A legendary recipe originates with a famous restaurant chef.
History means, among other things, setting the record straight about who invented famous dishes. Like a Reuben sandwich, Waldorf salad, or chocolate lava cake.
These definitions are central to Arthur Schwartz's book New York City Food: An Opinionated History and More Than 100 Legendary Recipes (2004).
More burning questions:
- Who invented Vichyssoise?
- Who popularized Crème brûlée?
- When did Delmonico steaks and porter house steaks get their names?
- Who invented the egg cream?
- Why is Manhattan clam chowder red and New England clam chowder white?
- What's a black and white? (Hint: Schwartz says it's NOT a cookie. And usually not very tasty.)

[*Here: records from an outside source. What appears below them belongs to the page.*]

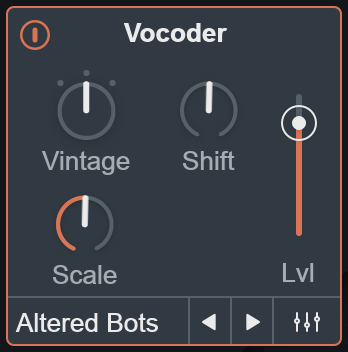 VOCODER: This panel includes the main Vocoder module controls, Vocoder synth preset selector and access to the Vocoder Advanced View by clicking on the mixer icon to the right of the synth preset previous/next buttons. |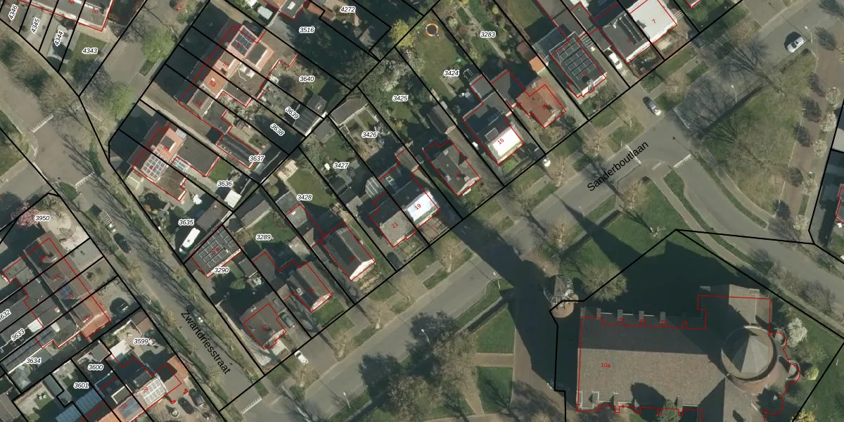 Sanderboutlaan 19 is gelegen op kadastraal perceel STE00B3426. Deze kadastrale aanduiding is uniek en wordt gebruikt door het Kadaster om eigendomsrechten en andere zakelijke rechten vast te leggen. Het perceel maakt onderdeel uit van de kadastrale gemeente Stein.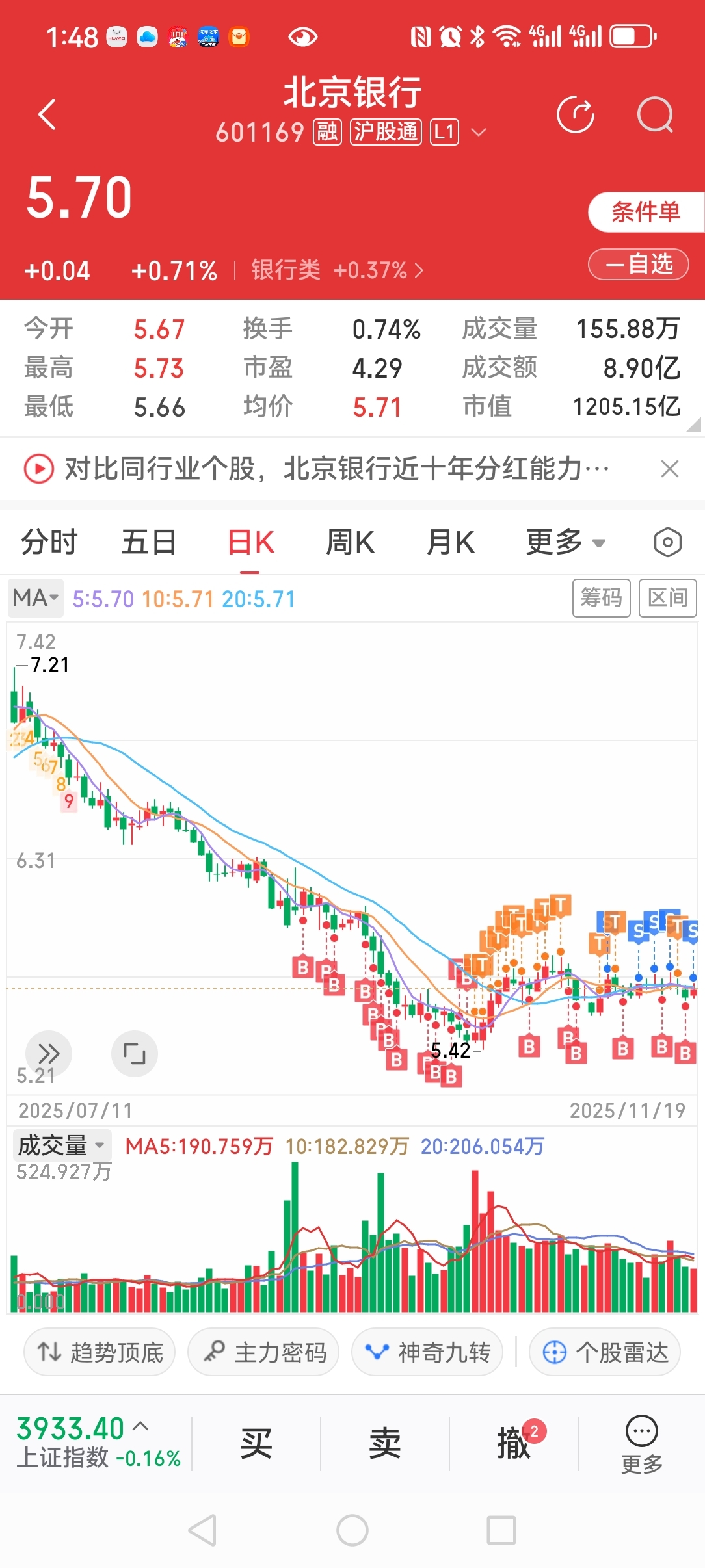 北京银行今年下半年真的太差了,T了两个月了成本才降低了1毛6分钱,我太难了,换做
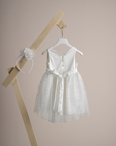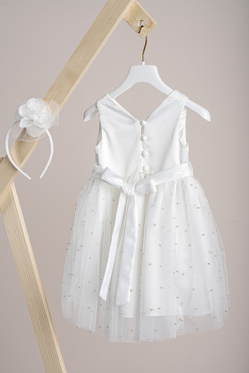 DR25S154.IVORY Βαπτιστικό φόρεμα Piccolino Zoe Ivory, Φόρεμα μεσάτο με ένα ιδιαίτερα γοητευτικό μπούστο με πιέτες απο σατέν με Ζωνάκι απο σατέν που καταλήγει σε δέσιμο φιογκάκι πίσω στην πλάτη. Εντυπωσιακή ασσύμετρη τούλινη φούστα με πέρλες, με πιο μακρύ το πίσω μέρος της. Το ντεκόρ του φορέματος αποτελείται απο χειροποίητο λουλούδι, στρας και μαραμπού. Το φόρεμα συνοδέυεται απο στέκα με ντεκόρ όμοιο με το φόρεμα. Διαθέσιμο σε 4 μεγέθη: 6-12, 12-18, 18-24, 24-36(εξτρά χρέωση)

- About the Reuben Sandwich -- evidently, it was invented in Omaha in the 1920s, not at Reuben's Restaurant!
- And if you aren't from New York, how important is any of this? (Hint: Schwartz doesn't address this question.)
Occasionally Schwartz, a former restaurant reviewer and writer of several cookbooks, acknowledges home cooking, or at least discusses trends like ethnic bakeries, Korean produce stands, or butcher shops. But he's really fixated on dining out and every aspect of restaurant life, not on food as a life-sustaining force or as a means of creating cohesion among families and social groups. That's just not his topic, which I recognize and respect. Consistently, most of the recipes are based on famous New York restaurant dishes, not on home cooking. By the way: I actually read all the way through this book, including the intros to most of the recipes.

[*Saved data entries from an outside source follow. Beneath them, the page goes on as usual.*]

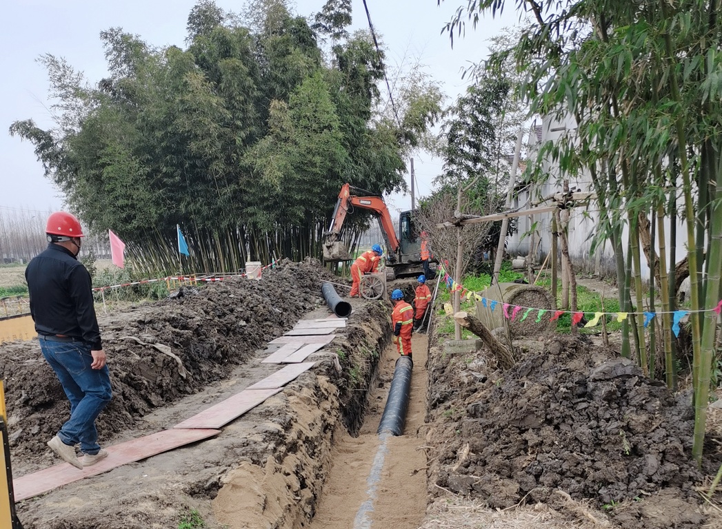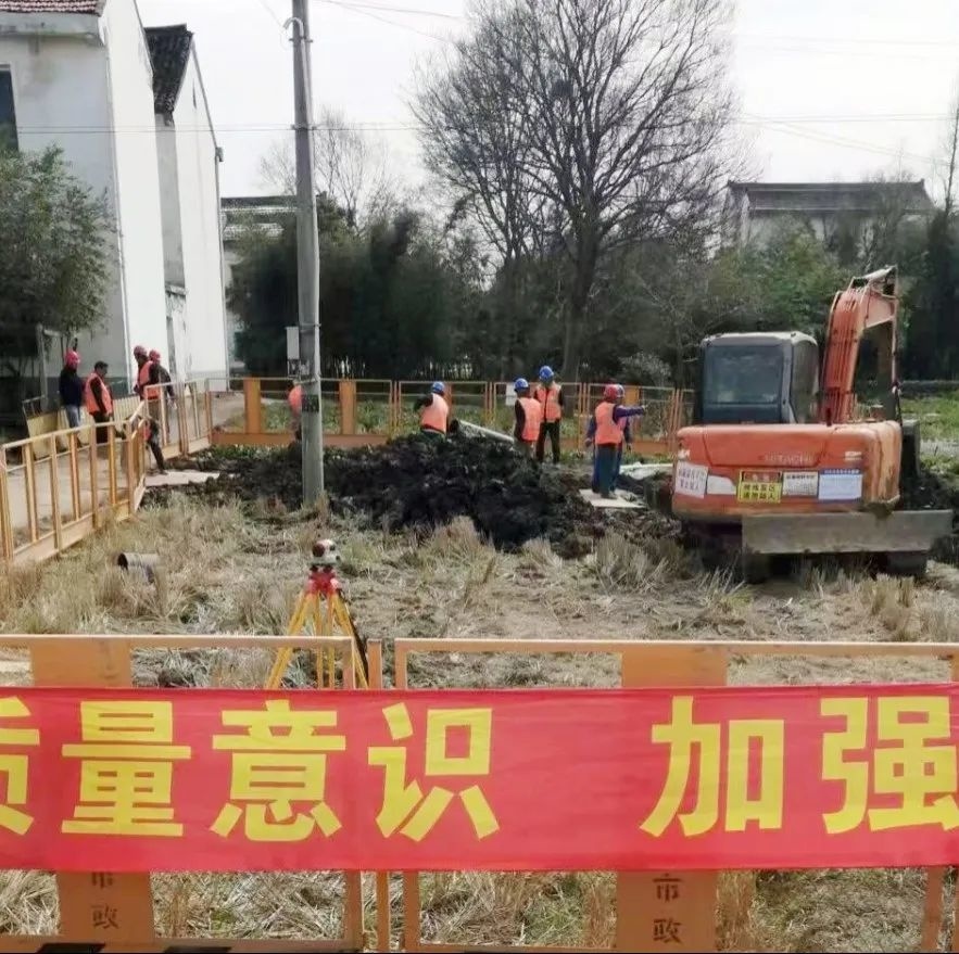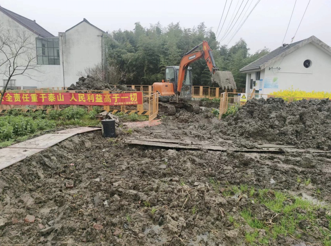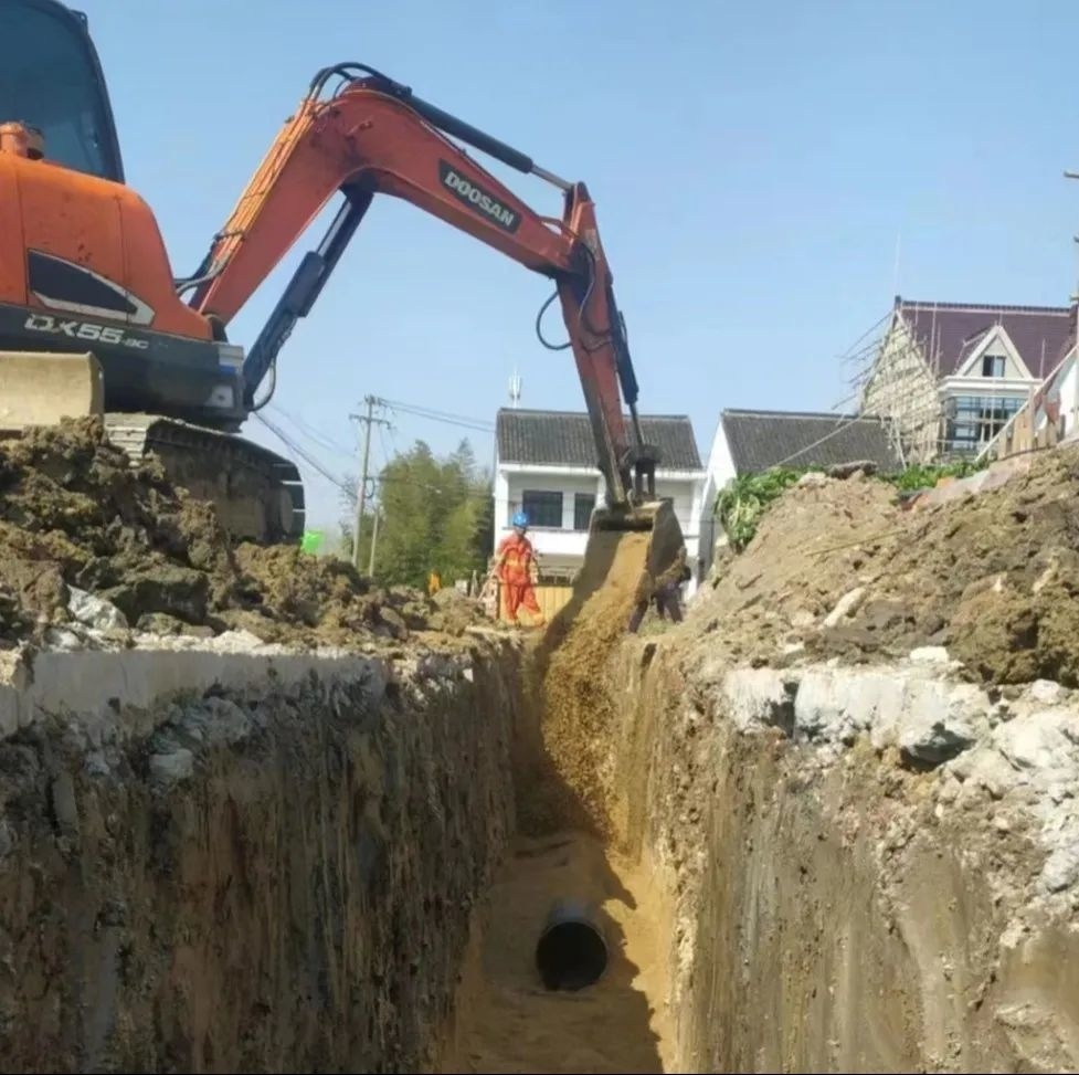 农村生活污水治理是优化环境质量的生态工程,也是提升群众生活品质的民心工程。为进一步提高污水处理设施运行效率,近日,朱泾镇正加快推进农村生活污水处理设施提标改造建设进度,在各村污水管网施工现场,挖掘机正在紧张作业,挖沟、取土,有条不紊,工人们将沟壕内的地面平整后,有序地将管道放入沟内。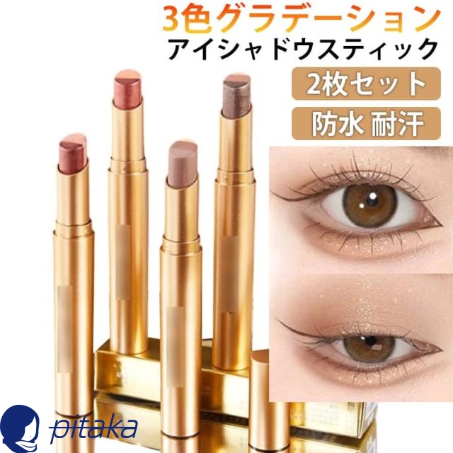 初心者向け 2枚セット 3色グラデーション メイクアップ 耐皮脂 アイシャドウスティック 高密着 耐汗 高発色 涙袋 ひと塗り アイシャドウ 高発色 2枚セット 落ちにくい 韓国コスメ キラキラ 使用簡単 メイク用品 プレゼント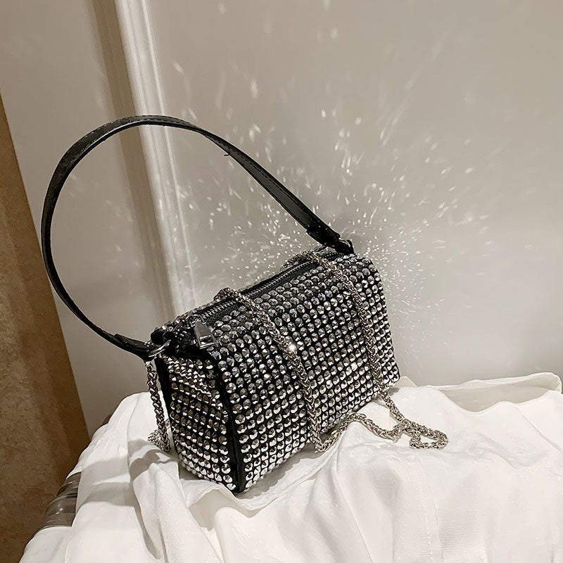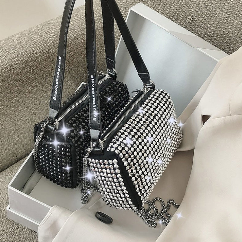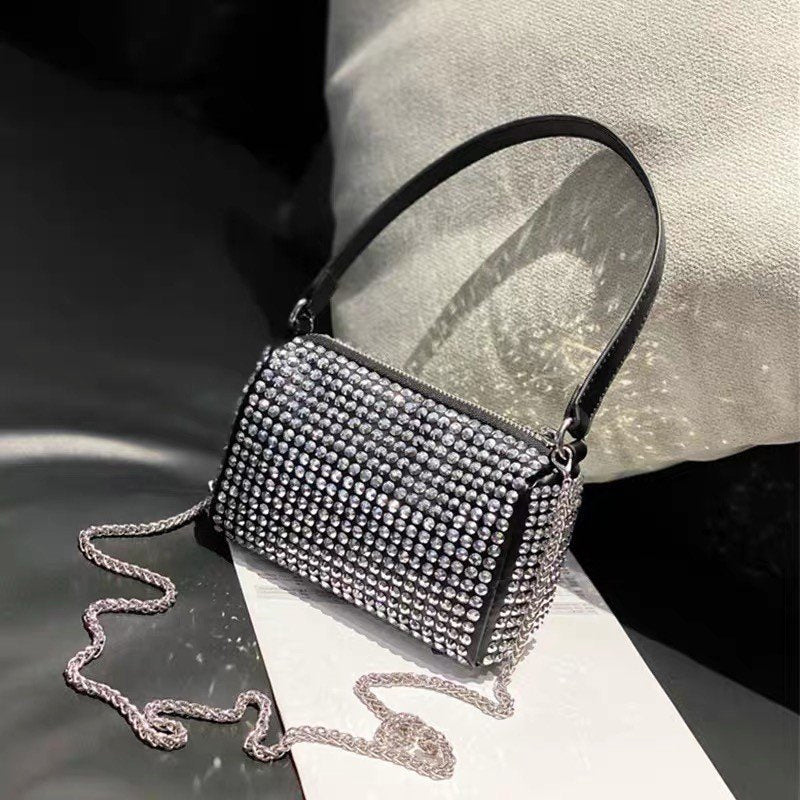 Die Tasche ist mit einer langen Kette mit Strasssteinen und einem kurzen PU-Riemen ausgestattet, der in der Hand getragen oder an der Schulter gehängt werden kann.

I bought this book when I came back from a brief visit to New York City last month, because a tour of the Tenement Museum made me wonder about supplying food in such a huge city and about just what the people ate and how the cooked it. I didn't learn much on this topic from Schwartz.
The people who lived in the tiny 3-room apartments on Orchard Street shopped at pushcarts nearby, and cooked as best they could on coal stoves making their small rooms filthy, smoky, and in summer unbearably hot. The building originally had no indoor plumbing of any kind: there were pit toilets and one water tap in the back yard, shared by over 100 people.

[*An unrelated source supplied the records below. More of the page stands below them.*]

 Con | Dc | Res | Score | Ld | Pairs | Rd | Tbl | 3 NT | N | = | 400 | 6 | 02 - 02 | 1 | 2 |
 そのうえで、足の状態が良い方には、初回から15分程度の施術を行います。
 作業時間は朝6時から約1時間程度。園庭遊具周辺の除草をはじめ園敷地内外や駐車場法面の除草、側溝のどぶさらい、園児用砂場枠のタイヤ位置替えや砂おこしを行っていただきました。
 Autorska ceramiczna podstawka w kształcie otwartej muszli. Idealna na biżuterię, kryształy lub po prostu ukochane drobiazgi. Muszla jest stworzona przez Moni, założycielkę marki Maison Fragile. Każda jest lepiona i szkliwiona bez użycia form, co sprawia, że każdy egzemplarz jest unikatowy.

Meanwhile, as I learned from Schwartz's book, wealthy people were eating oysters, steaks, fancy desserts, and many interesting luxury foods at restaurants whose names are still quite famous. I'll have to find another book to learn about poor and even lower-middle-class people. The book I read just isn't the book I hoped for, which isn't the author's fault.
This book sounds fun and pretty interesting. I can see why it wasn't the book you were looking for but it also seems like one I'd like. I also appreciated your photos from the tenement museum -- that's a spot I'd like to visit if I get to NYC again.